Retype word for word the stretch of entries below from the line that has "Our Field/Range Ready" through the line that has "Led-подсветка идеально вписывается", and omit the pictures.

Data extracts:
----
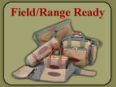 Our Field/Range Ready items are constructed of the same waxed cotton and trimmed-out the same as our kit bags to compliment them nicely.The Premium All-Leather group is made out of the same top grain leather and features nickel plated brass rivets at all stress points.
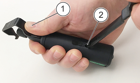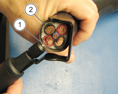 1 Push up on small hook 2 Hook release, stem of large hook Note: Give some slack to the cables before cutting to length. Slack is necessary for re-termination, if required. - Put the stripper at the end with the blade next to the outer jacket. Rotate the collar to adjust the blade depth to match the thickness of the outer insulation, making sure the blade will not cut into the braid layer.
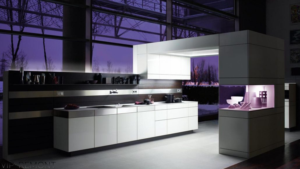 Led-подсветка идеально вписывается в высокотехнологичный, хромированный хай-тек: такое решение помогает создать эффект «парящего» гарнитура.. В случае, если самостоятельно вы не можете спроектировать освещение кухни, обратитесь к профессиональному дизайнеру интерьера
----
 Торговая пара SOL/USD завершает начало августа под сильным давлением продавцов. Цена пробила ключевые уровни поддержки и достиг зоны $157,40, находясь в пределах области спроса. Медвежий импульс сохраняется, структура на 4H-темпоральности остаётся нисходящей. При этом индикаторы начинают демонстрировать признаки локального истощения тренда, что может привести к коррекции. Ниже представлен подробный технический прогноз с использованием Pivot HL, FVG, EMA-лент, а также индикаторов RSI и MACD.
----
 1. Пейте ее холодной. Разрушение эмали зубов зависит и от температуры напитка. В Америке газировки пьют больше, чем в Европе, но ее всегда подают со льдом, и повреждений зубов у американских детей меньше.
----
Exercise output:
 Our Field/Range Ready items are constructed of the same waxed cotton and trimmed-out the same as our kit bags to compliment them nicely.The Premium All-Leather group is made out of the same top grain leather and features nickel plated brass rivets at all stress points.
 1 Push up on small hook 2 Hook release, stem of large hook Note: Give some slack to the cables before cutting to length. Slack is necessary for re-termination, if required. - Put the stripper at the end with the blade next to the outer jacket. Rotate the collar to adjust the blade depth to match the thickness of the outer insulation, making sure the blade will not cut into the braid layer.
 Led-подсветка идеально вписывается в высокотехнологичный, хромированный хай-тек: такое решение помогает создать эффект «парящего» гарнитура.. В случае, если самостоятельно вы не можете спроектировать освещение кухни, обратитесь к профессиональному дизайнеру интерьера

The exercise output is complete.